Of course averages can be deceiving, and as we saw previously, the class distributions are skewed. Let's look at a confusion matrix.

In [16]:
function confusion_matrix(y_true::Array{Int64,1},y_pred::Array{Int64,1})
    # Generate confusion matrix
    classes = sort(unique([unique(y_true),unique(y_pred)]))
    cm = zeros(Int64,length(classes),length(classes))

    for i in 1:length(y_test)
        # translate label to index
        true_class = findfirst(classes,y_test[i])
        pred_class = findfirst(classes,y_pred[i])
        # pred class is the row, true class is the column
        cm[pred_class,true_class] += 1
    end
    cm
end

confusion_matrix(y_test,y_pred)
Out[16]:
6x6 Array{Int64,2}:
 0   0    0   0   0  0
 0   0    0   0   0  0
 4  16  135  67   4  1
 0   4   21  89  37  6
 0   0    2   2  11  0
 0   0    0   0   0  0

The columns represent the true classes, the rows represent the classes predicted by the model.
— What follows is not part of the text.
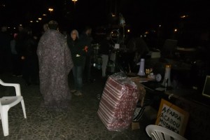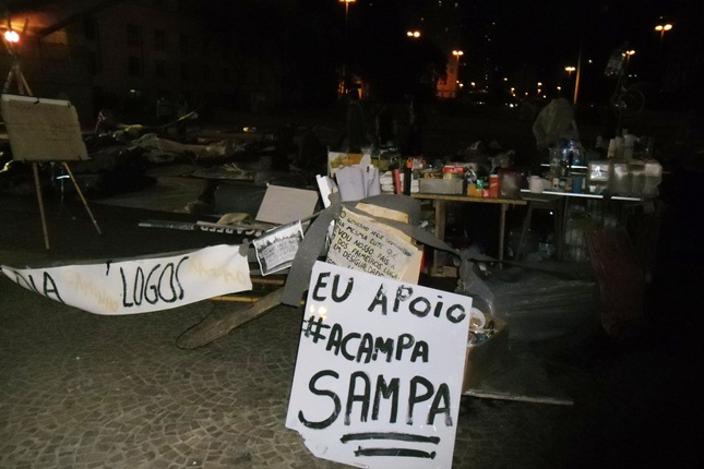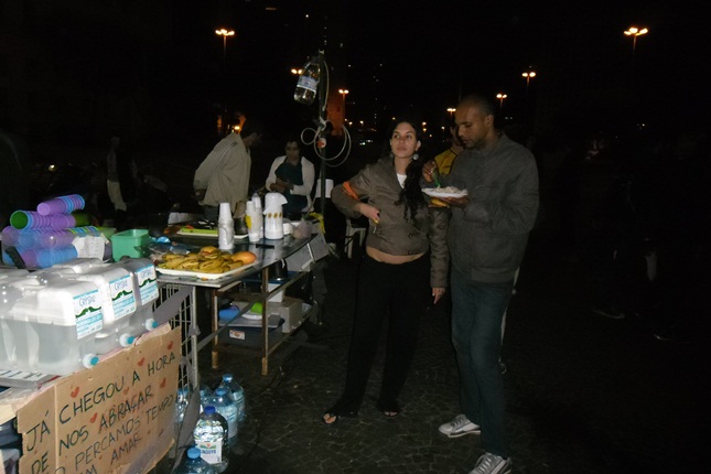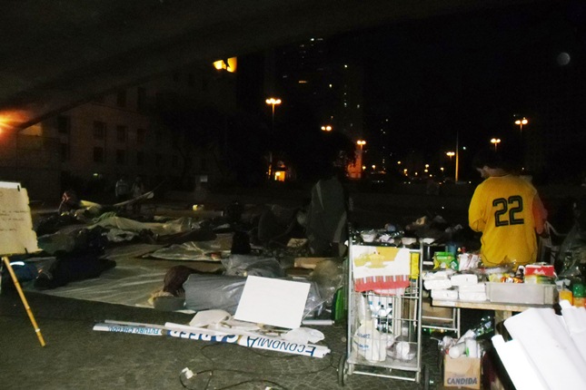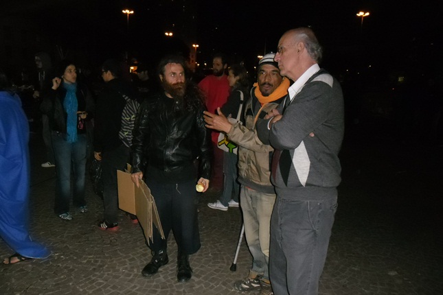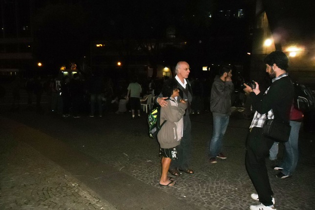 Na fria noite desta terça-feira, 18/10/11, o Padre Júlio levou cobertores no local dos acampados no Anhangabaú, que estão dormindo junto aos moradores de rua. Jovens indignados, com seu protesto pacífico e ordeiro. O brilho nos olhos desses jovens com ideal somente é ofuscado pelo sofrimento da parte mais fragilizada da população e que estava ali, juntos, os moradores de rua. Os cobertores logo foram repassados a esses sofredores. Ponderações, discussões, teses colocadas, tudo com ordem e solidariedade. Cozinha comunitária, solidariedade. Notícias sendo transmitidas ali mesmo, pela internet.

In this case, the predictions aren't perfect but the results are significantly better than random guessing.

How does it work?

A neural network is a combination of linear models. It takes some set of input observations ($x_1, x_2, \dots, x_n$) and produces class probabilities for that observation. In the diagram below, the output layer will create estimates for three classes ($P(c_1),P(c_2),P(c_3)$).
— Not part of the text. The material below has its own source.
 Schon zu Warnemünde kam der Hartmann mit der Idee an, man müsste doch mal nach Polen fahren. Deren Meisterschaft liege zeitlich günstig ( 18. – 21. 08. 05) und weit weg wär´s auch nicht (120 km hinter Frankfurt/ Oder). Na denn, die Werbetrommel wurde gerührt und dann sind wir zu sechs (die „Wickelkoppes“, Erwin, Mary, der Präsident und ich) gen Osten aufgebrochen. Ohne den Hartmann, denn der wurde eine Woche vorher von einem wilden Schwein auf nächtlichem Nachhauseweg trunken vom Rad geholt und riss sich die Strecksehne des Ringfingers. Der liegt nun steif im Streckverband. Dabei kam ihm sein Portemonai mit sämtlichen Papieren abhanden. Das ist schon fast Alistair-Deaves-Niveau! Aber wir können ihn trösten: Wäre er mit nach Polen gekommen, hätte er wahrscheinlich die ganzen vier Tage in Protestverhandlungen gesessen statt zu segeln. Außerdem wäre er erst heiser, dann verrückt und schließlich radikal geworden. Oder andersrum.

The real magic comes from producing the intermediate results ($a_1,a_2,...,a_n$). Let's consider a single value produced by the "hidden layer" (the light blue ones). $a_1$ is calculated by feeding the input fields ($x_1, x_2, \dots, x_n$) into a linear classifier known as an artificial neuron. The same is true for $a_2$, $a_3$ and all the way up to $a_m$. Each intermediate result is the product of a unique artificial neuron, making each layer of the neural network is really just an amalgamation of linear models.

So what does an artificial neuron look like?

In [17]:
type ArtificalNeuron
    weights::Vector{Float64}
    bias::Float64
    activation_func::Function
end

function activate(an::ArtificalNeuron, x::Vector{Float64})
    # sum of weights times input, then add bias
    pre_activation = an.weights' * x + an.bias
    an.activation_func(pre_activation)
end
Out[17]:
activate (generic function with 1 method)
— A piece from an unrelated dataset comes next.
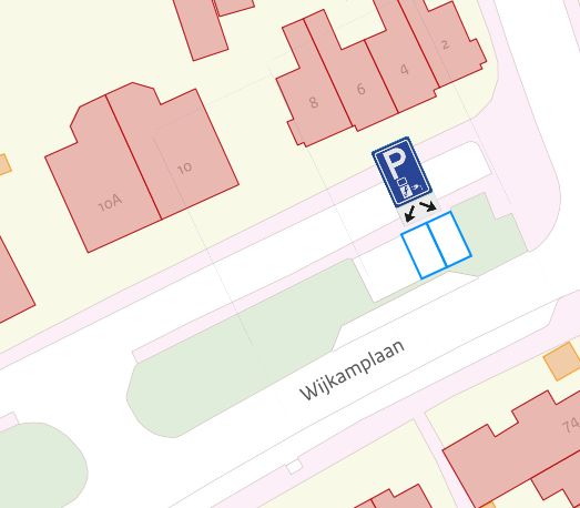 Door middel van het plaatsen van verkeersbord E8c –“Parkeergelegenheid alleen bestemd voor het opladen van elektrische voertuigen”– van Bijlage 1 van het RVV-1990 met onderbord OB504 met twee pijlen schuin naar links- en rechtsonder, twee parkeerplaatsen op de Wijkamplaan, ter hoogte van huisnummer 6, zoals aangeduid in het onderstaande situatieoverzicht, aan te wijzen als parkeergelegenheid alleen bestemd voor elektrische voertuigen met gebruik van de laadpaal.
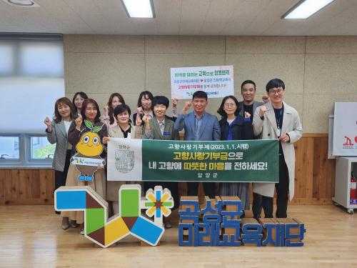 ´ã¾ç±º ÇàÁ¤°úÀå°ú °î¼º±º ¹Ì·¡±³À°Àç´Ü º»ºÎÀåÀº Á÷¿øµé°ú ÇѸ¶À½ ÇѶæÀ¸·Î µÎ Áö¿ªÀÇ ¹ßÀüÀ» ÀÀ¿øÇÏ¸ç ¾÷¹« ±³·ù ¹× Çù·Â °ü°è ÁõÁø°ú ±âºÎ¹®È­ Ȱ¼ºÈ­¸¦ À§ÇØ °íÇâ»ç¶û ±âºÎ±ÝÀ» »óÈ£ ±âºÎÇÏ¸ç ±âºÎ ¸±·¹ÀÌ ºÐÀ§±â¸¦ Á¶¼ºÇß´Ù.

An artificial neuron looks surprisingly like any other linear model. Take an input value, multiply it by some weights and add a bias.

In [18]:
function sigm(a)
    1. / (1. + exp(-a))
end

# hard code in some weights and baises
weights = [1.,-3.,1.]
bias = 0.5
an = ArtificalNeuron(weights,bias,sigm)

# What are the outputs of these values?
x = [-2.,1.,0.]
activate(an,x)
Out[18]:
1-element Array{Float64,1}:
 0.0109869

Where artificial neurons differ from a least-squares regression, is in activation function. Though there are many functions used for neural networks, a common choice is the sigmoidal function. This takes the output of the linear model and squashes the value between 0 and 1.

In [19]:
# Gadfly is pretty wonderful
p = plot(sigm,-5,5,Guide.title("Sigmoidal activation function"))
draw(PNG(14cm,10cm),p)

Because the values approach 0 and 1 so quickly, this activation function allows us to think of an individual neuron as "active" (close to 1) or "inactive" (close to 0).

The price of complexity

By aggregating many linear models, neural networks is able to consider nonlinear relationships in attempt to generalize predictions. Neural networks, and strategies involving them such as deep learning, have become a major part of complex signal recognition such as machine vision.

The algorithm excels at systematically evaluating features at a speed human's just can't. For problems that necessitate high dimensional and complex feature spaces, neural networks is an immensely valuable tool.

But there is a down side. The same strength of modeling interwoven relationships curtails an important property: the ability to open up the black box and understand what's going on. Often, being able to know which features are important is as critical as the actual prediction (why do customers churn vs. will a customer churn). Neural networks aren't magic, and they're not the end all be all.

Julia, on the other hand, is totally magic.